Understanding Tungsten Fabric Components¶
Tungsten Fabric is comprised of the following key components:
Tungsten Fabric management Web GUI and plug-ins integrate with orchestration platforms such as Kubernetes, OpenShift, Mesos, OpenStack, VMware vSphere, and with service provider operations support systems/business support systems (OSS/BSS). Many of these integrations are built, certified, and tested with technology alliances like Red Hat, Mirantis, Canonical, NEC, and more. TF Networking sits under such orchestration systems and integrates northbound via published REST APIs. It can be automatically driven through the APIs and integrations.

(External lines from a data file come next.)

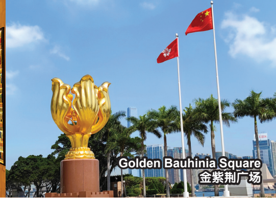
Golden Bauhinia Square 金紫荆广场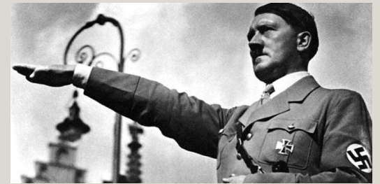
Adolf Hitler giving a Nazi salute.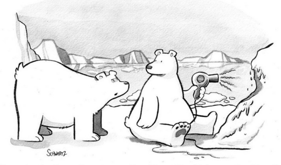
"I recognize that climate change is a complex subject with multiple causes, but this really isn't helping."

<u>Climate science basics</u> for policy analysts. <u>Video (2 min.)</u> When science led policy: the Montreal Protocol. Two-level games in international relations.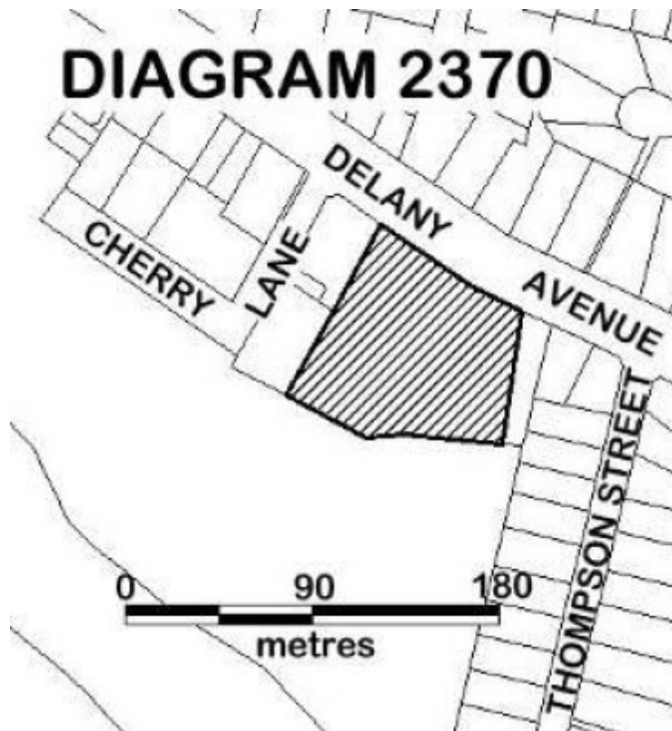
Bright Chinese Camp Extent Diagram 2370.jpg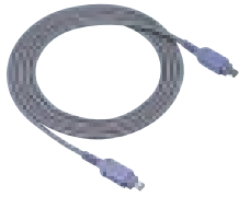
VMC-IL4408/4415/4435 i.LINK Cable (4-pin to 4-pin)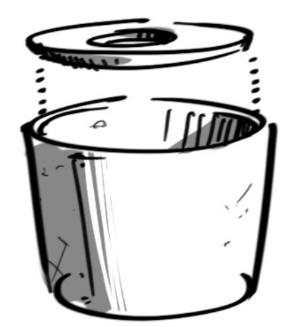
Fig 2a Press fit an endplate configuration

The end plate of the cup will have a 0.8" hole in the center so that the ejector can fit through it. We will use the water jet cutter to make these parts. If you are unfamiliar with the OMAX software and other CAD programs, you may want to run through the tutorial before starting. Use the OMAX Layout program to generate the tool path for the three end plates. You will be shown how to use the water jet cutter in class.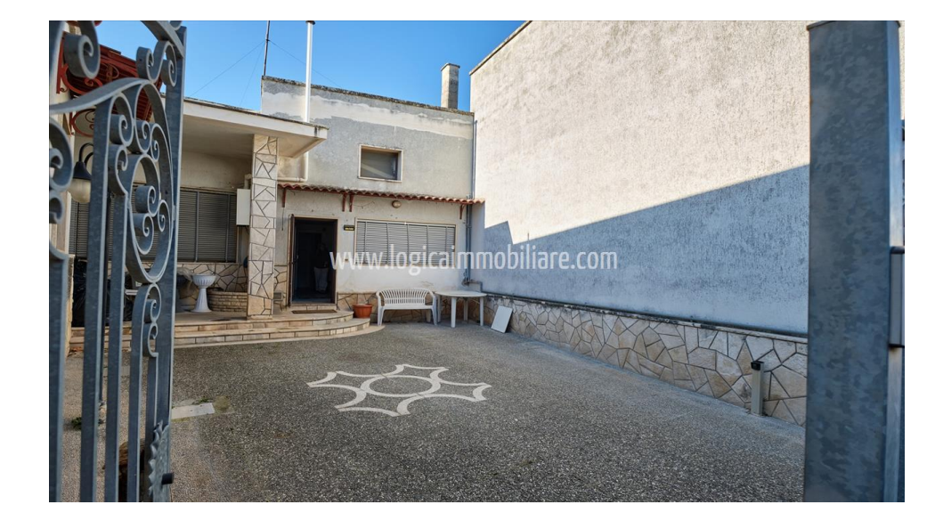
Size: 190 sqm Rooms: 8 Bedrooms: 2 Bathrooms: 2 Energy class: G IPE: 175

Located in a quiet and well-served position in Cavallino, just 5 minutes' drive from Lecce, independent house of approximately 190 sqm, with garden and veranda. The house is arranged over the ground floor, and boasts the presence of double access. The main entrance is preceded by a welcoming veranda and leads into the beautiful living area of the house, consisting of a bright living room, a large dining room with fireplace, a beautiful eat-in kitchen with mezzanine floor, and a service bathroom. A hallway leads to the sleeping area of the property, consisting of two spacious bedrooms and a bathroom. Both from the dining area and from the kitchen, is access to a beautiful rear garden, which represents not only a place of relaxation for summer dinners and outdoor breakfasts, but is also large enough to accommodate a car, thus giving the property a second and convenient entrance. The property is equipped with all comforts, with connection to all utilities, natural gas heating and air conditioning. In good static condition, a restyling can transform this property in an excellent investment solution for those who wish to live there all year round, but also to generate income, considering the proximity to services and Lecce. The center of Cavallino is only 300 meters away, Lecce less than 5km and the wonderful Adriatic coast only 15km, Brindisi airport 49 km.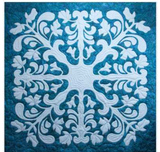
Pacific Rim Quilt Company Blog pattern

Please check the website for the most recent video describing in detail the keynote speakers and some of the workshops and more of the fun events planned for this unique cruise—first of its kind for our guild. This special cruise is available for guild members only. The crew of the Nautical Needle is so excited about this virtual trip—and we know you will be too! It is our hope that this will be a fun quilting events in the middle of the cold winter. Be sure to register early so you are included all the communications, including a private Facebook group for this special cruise.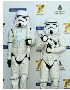
Best Junior Effort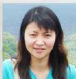
Chen Hong 陈红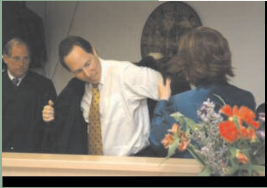
The Honorable Dale C. Cohen 17th Judicial Circuit Court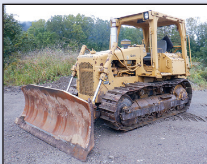
85 CAT D4E

1997 CATERPILLAR D5C Series III , s/n 7PS00428, Cat 3046 diesel and hydrostatic trans, 6-way straight blade, rock guards, tow pin, ROPS canopy, and 20" SBG pads. In good to very good condition with good to very good undercarriage.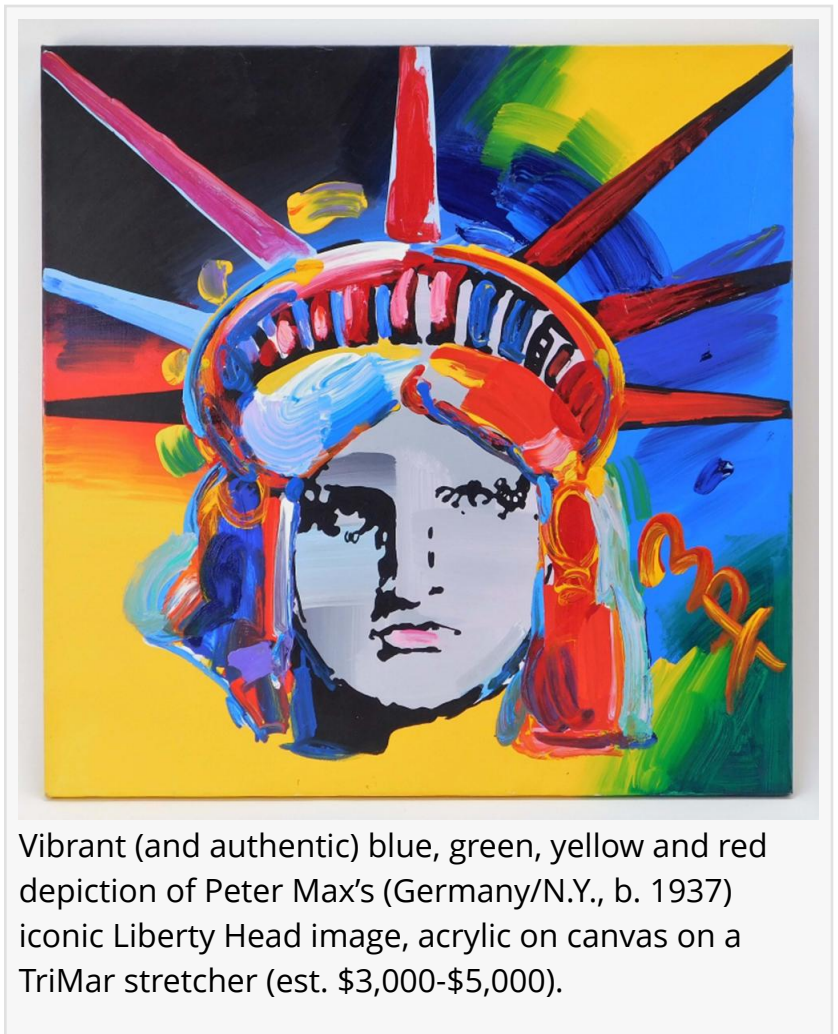
Vibrant (and authentic) blue, green, yellow and red depiction of Peter Max's (Germany/N.Y., b. 1937) iconic Liberty Head image, acrylic on canvas on a TriMar stretcher (est. $3,000-$5,000).

Other noteworthy lots include a circa 1900 antique Persian Bidjar Oriental wool carpet rug, 18 feet 7 inches by 11 feet 11 inches, having a royal blue center decorated with a floral vine pattern within layered floral borders (est. $1,500-$2,500); and a GV-1 Lancaster Glass pictorial pint railroad flask, grey-blue in color and embossed "Success to the Railroad" on both sides and a decoration of a train, 6 ¼ inches tall, with great color and mold impression (est. $600-$900).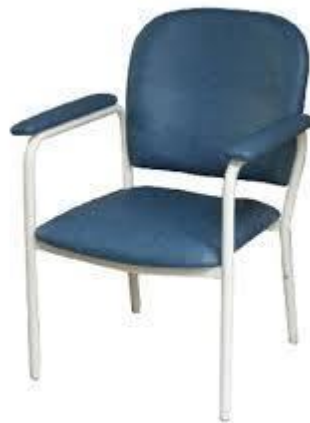
Day Chair - Lo Back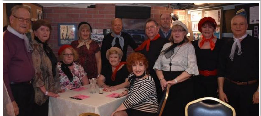
We welcomed new dance friends from Reading, PA at MMATB 2020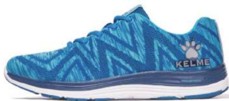
426 - Moon Blue (MEN)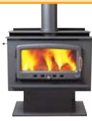
Nectre MkIII (pedestal)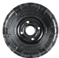
MSPN 68495, 67693, 65492, 64998 & 03488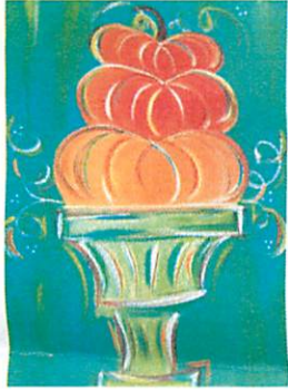
Route 66 Redbud 9./21: 6-9:00 pm $35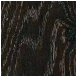
3091 Silver on smoked Oak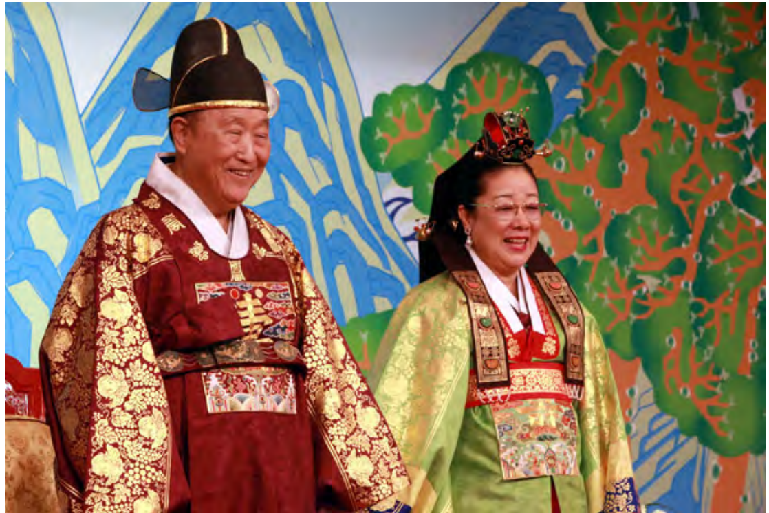
True Parents' Golden Wedding Anniversary, April 29, 2010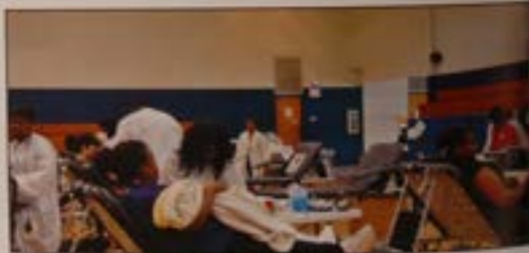
20 students making a difference at the Spring 2013 Blood Drive.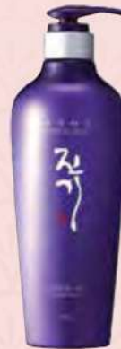
DAENG GI MEO RI VITALIZING SHAMPOO/ TREATMENT 500ML RM79.00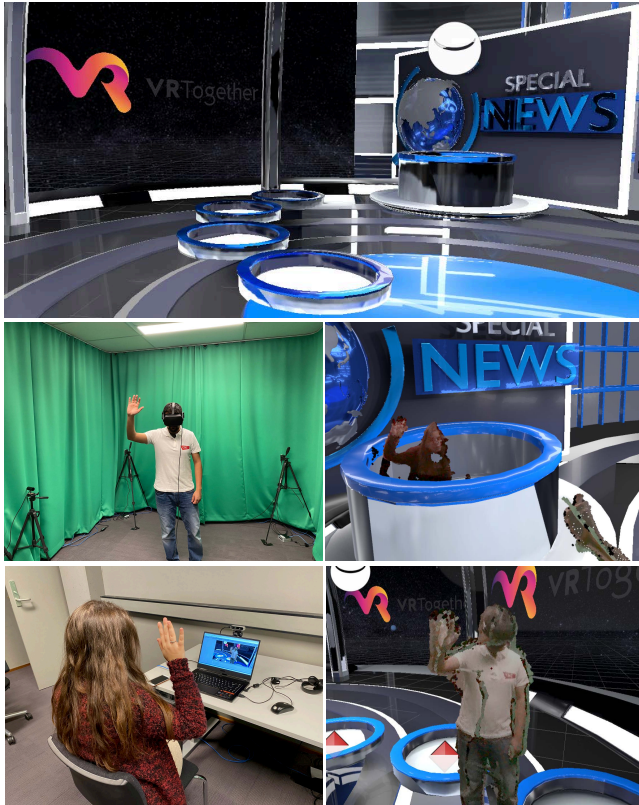
Figure 1: Virtual space, studio setup, portable setup and participant viewpoints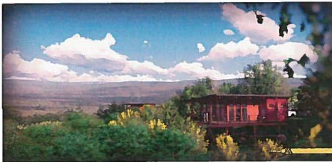
Above: Tree House cabins find home in the canopy at Grand Vue Park.

Grand Vue Park has broken ground on four tree house style cabins. We will have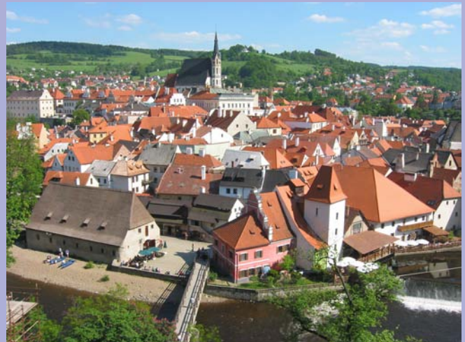
City of Český Krumlov - View from the Castle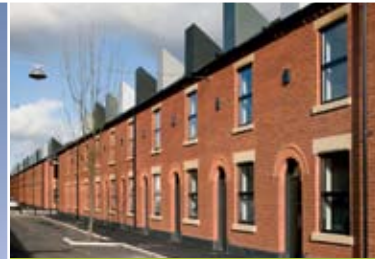
■■■ Chimney Pot Park, Manchester. RIBA Northwest Award 2008 and shortlisted for RIBA Stirling Prize, in association with The Architects' Journal. Architects - Shed KM with Urban Splash

The RIBA wants to see a revolution in attitudes towards architecture in the UK. We want to see policymakers and politicians not just accept that good design is vital but actively promote it.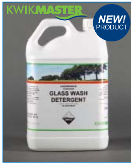
Kwikmaster Glass Wash Detergent

CODE: KWGWD/5 CAPACITY: 2x5lt MIN. SELL: Ctn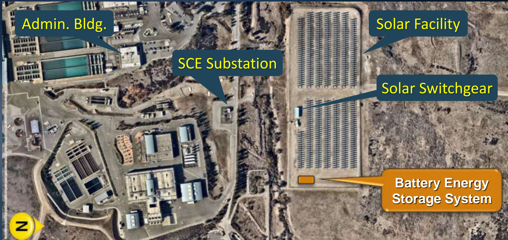
Proposed BESS site location at the Skinner plant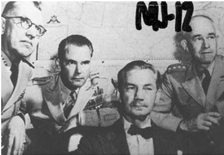
Secretary Forrestal (2 nd from right) with other alleged MJ-12 members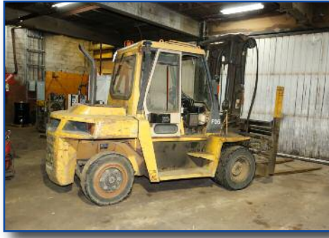
FORKLIFTS UP TO 15,000 LBS CAP.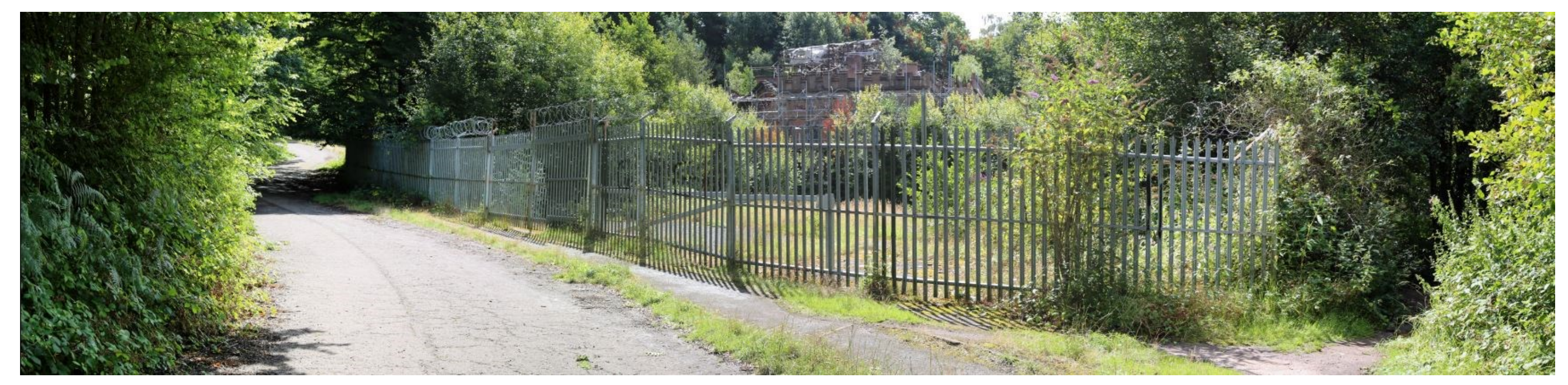
IV9 – View south east towards the Hall from the Suttons Drive approach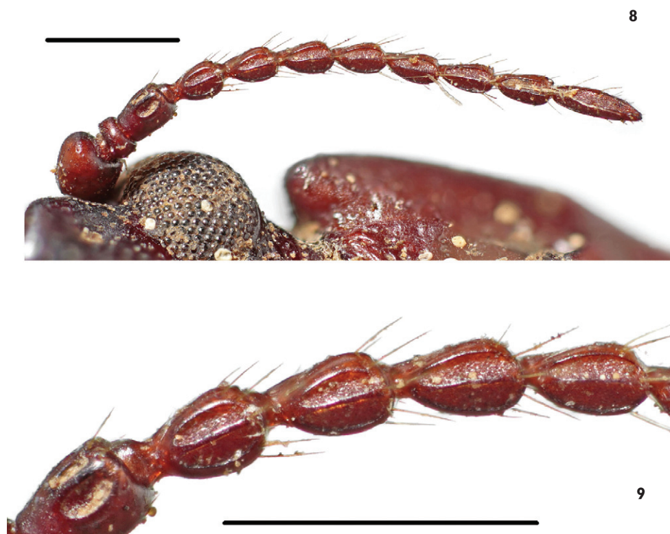
Figures 8–9. Birandra ( Yvesandra ) latreillei , lectotype of Parandra laevis Schönherr, 1817, antenna: 8 ventral view 9 ventral view, detail. Bar = 1 mm.

Domingo] [18]51–116 [purch. of Salle], compared with type C.J.G. [C. Gahan], Parandra laevis T. Arigony det. 1980 (NHM(UK); 3 ♂, 1 ♀ Dominican Republic, Guaimati, July, 1925, Pres. by Imp. Inst. Ent. Brit. Mus. 1930–336, Parandra laevis T. Arigony det. 1980 (NHM(UK); 2 ♂, La Vega: Constanza (“Paraje Los Flacos, Valle Nuevo”), IX.1962, E. Marcano col. (MZSP); 1 ♂, Hato Mayor: Parque Nacional los Haitises (3 km W Cueva de Arena; 19°04'N, 69°29'W), VII.7–9.1992, S. Davidson Col. (MZSP); 2 ♀, Monsenor Nouel: 8 miles W Jayaco, VIII.03.1967, J.C.Schaffner col. (MZSP).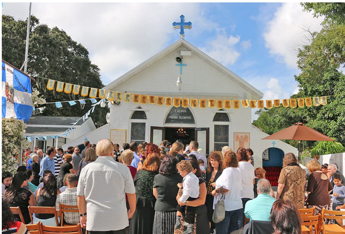
The Shrine of Archangel Michael Taxiarchis, Tarpon Springs, FL.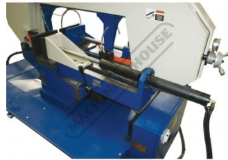
Full Stroke Hydraulic Clamping Vice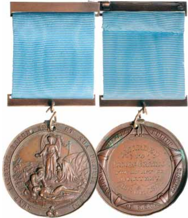
1646* National Shipwreck Relief Society of N.S.W. Bronze Medal , reverse inscribed, 'Awarded/To/James Graham/For An Act Of/Bravery/16th Oct. 1877.', in case. Some toning on case lid lining, medal with a few edge bumps and some areas of oxidation, a scratch on reverse, suspender bracket broken and replaced with a loop, otherwise very fine.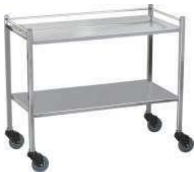
740 Instrument Trolley (Two Shelves)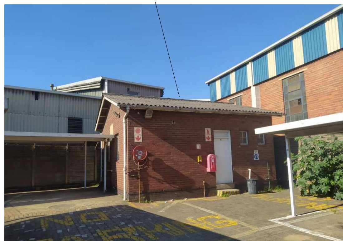
DEMOLISH TRAINING ROOM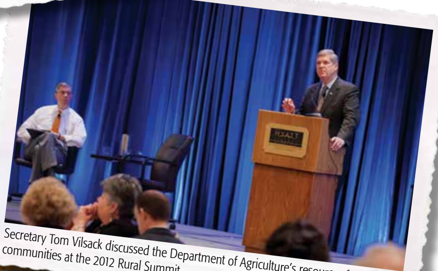
Secretary Tom Vilsack discussed the Department of Agriculture's resources for rural communities at the 2012 Rural Summit.

~Corporate partner commenting on 2012 Rural Summit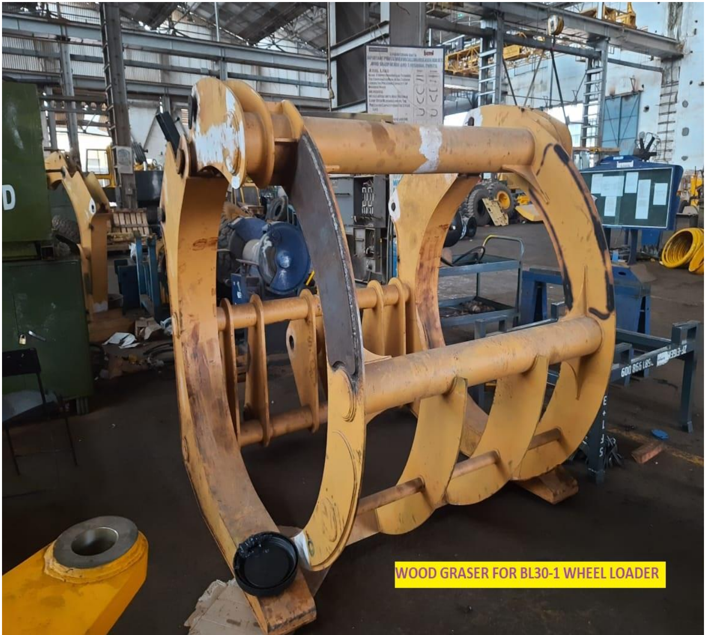
WOOD GRASER FOR BL30-1 WHEEL LOADER

(A Govt. of India Mini Ratna Company under Ministry of Defence) “BEML SOUDHA”, 23/1, 4th Main, S. R. Nagar, BANGALORE – 560 027

Tungsten Fabric control and management systems, commonly called the controller, have several functions. Few of the major functions are:
Configuration Nodes—This function accepts requests from the API to provision workflows like adding new virtual networks, new endpoints, and much more. It converts these abstract high-level requests, with optional detail, into low-level directions that map to the internal data model.
Control Nodes—This function maintains a scalable, highly available network model and state by federating with other peer instances of itself. It directs network provisioning for the Tungsten Fabric vRouters using Extensible Messaging and Presence Protocol (XMPP). It can also exchange network connectivity and state with peer physical routers using open industry-standard MP-BGP which is useful for routing the overlay networks and north-south traffic through a high-performance cloud gateway router.
Analytics Nodes—This function collects, stores, correlates, and analyzes data across network elements. This information, which includes statistics, logs, events, and errors, can be consumed by end-user or network applications through the northbound REST API or Apache Kafka. Through the Web GUI, the data can be analyzed with SQL style queries.
Tungsten Fabric vRouter runs on the compute nodes of the cloud or NFV infrastructure. It gets network tenancy, VPN, and reachability information from the control function nodes and ensures native Layer 3 services for the Linux host on which it runs or for the containers or virtual machines of that host. Each vRouter is connected to at least two control nodes to optimize system resiliency. The vRouters run in one of two high performance implementations: as a Linux kernel module or as an Intel Data Plane Development Kit (DPDK)-based process.